Elle Woods for the defence (of femininity)

It is so easy to watch a movie and grant it little consideration it beyond its entertainment value. And over than many times I have seen Legally Blonde since its release in 2001 that held true – until I read Legally Blonde: A Classic Case of “Never Judge A Book By Its Cover” and its critique of how the movie sought confront people’s prejudices based on physical stereotypes. While I agreed with the arguments Roy made, I had the nagging feeling that the movie represented something greater. Finally, I realised that beyond smashing stereotypes and promoting feminism, the real achievement of Legally Blonde was something much rarer and arguably much more important. Its determined defence of femininity.

Legally blonde
Elle Woods in Legally Blonde.

The portrayal of femininity in movies

Far from being an avid film fan, I instead represent the casual movie-goer who grew up on diet of mainstream Hollywood movies; which on adult reflection probably had a greater impact on shaping my view on femininity than I would wish to admit. What I did not realise as a teenager, and for many years as an adult, was that the hyper-femininity espoused by Elle Woods is not common in movies, and certainly not by lead females.

The classic portrayal of femininity - to be feminine is to be shallow and stupid
The classic portrayal of femininity – to be feminine is to be shallow and stupid.

It is hard to name a movie where a highly feminine character is portrayed in a positive way. Across most teen movies, the most feminine characters are often the most flawed; mean, morally corrupted, jealous, vain. Their popularity makes them an object of desire, but by the end, you realise you don’t want to be like them. More often than not, these hyper-feminine characters are also brought down a peg or two by the end of the movie. In Mean Girls, chief mean girl Regina finds salvation at the end of the movie in the form of lacrosse; suggesting that her core traits were unacceptable when in highly feminine packaging, but once she was doing something more masculine she was A-OK. None of the other main characters suffered a serious change in their core traits, with their salvation from being a ‘mean girl’ coming in the form of reduced femininity (Cady) or migrating into settings where their femininity was more acceptable; e.g. Karen as the dumb blonde weather girl.

Like Cady’s brief adventure to the ‘dark side’ of hyper-femininity, female leads in teenage films, tend to be grungy or tomboyish. In other words, ‘real’ girls, who are contrasted against hyper-feminine counterparts. Consider Kat versus hers sister Bianca in 10 Things I Hate About You, Jane versus her best friend Angela in American Beauty, or Maggie versus the sex-bomb Ashley in Whatever it Takes. In each of these movies, we see something to admire in the former and much to deride in the latter. The feminine girl is not someone we aspire to be, because femininity is vacant, vacuous, and vain. We want to be the ‘real’ girl. The one who is carelessly pretty and effortlessly smart, but of course not too smart. She is the one who triumphs in the end and gets the boy.
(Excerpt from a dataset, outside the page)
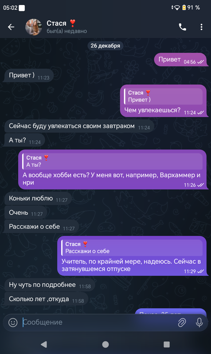 Так вот. Обычное начало общения. Говорим об увлечениях, пытаемся узнать друг друга.

But where the heroine starts off a little too rough to be real, we have the make-over to make things right up and reveal the easy beauty that had been waiting to exposed. Of course, she is only made pretty enough to make her worthy of the male gaze. She is never allowed to cross the line into hyper-femininity or confidence in her own looks without consequences and by the end of the movie she has shifted back to a prettier, more sexually attractive version of former herself. This trope is not just the domain of teen movies like She’s All That, The Princess Diaries, Pleasantville, and Never Been Kissed. It is there in movies targeted towards adult females as well, like in Miss Congeniality, allowing the anti-femininity messaging to be perpetuated throughout a woman’s life.

Belle, Beauty and the Beast
Belle, Beauty and the Beast.

Even fairy tales have been given the ‘modern’ make-over, with the female leads becoming tougher, stronger and more independent. While Emma Watson’s portrayal of Belle in the live-active remake of Beauty and the Beast has been described as strong and feminist, these new traits take on a masculine hue and, in the end, have little impact on the story. Belle, the strong, independent feminist, still falls for the man / beast who deprives her of independence and freedom. It is a similar story with Cinderella Story, Ella Enchanted, Snow White and the Huntsmen and any number of other recent remakes. They may skip the wedding at the end, but that future is implied, so that no matter how strong, independent or powerful the woman is, her fate is still sealed by centuries old tales whose endings we remain too scared to drastically rewrite.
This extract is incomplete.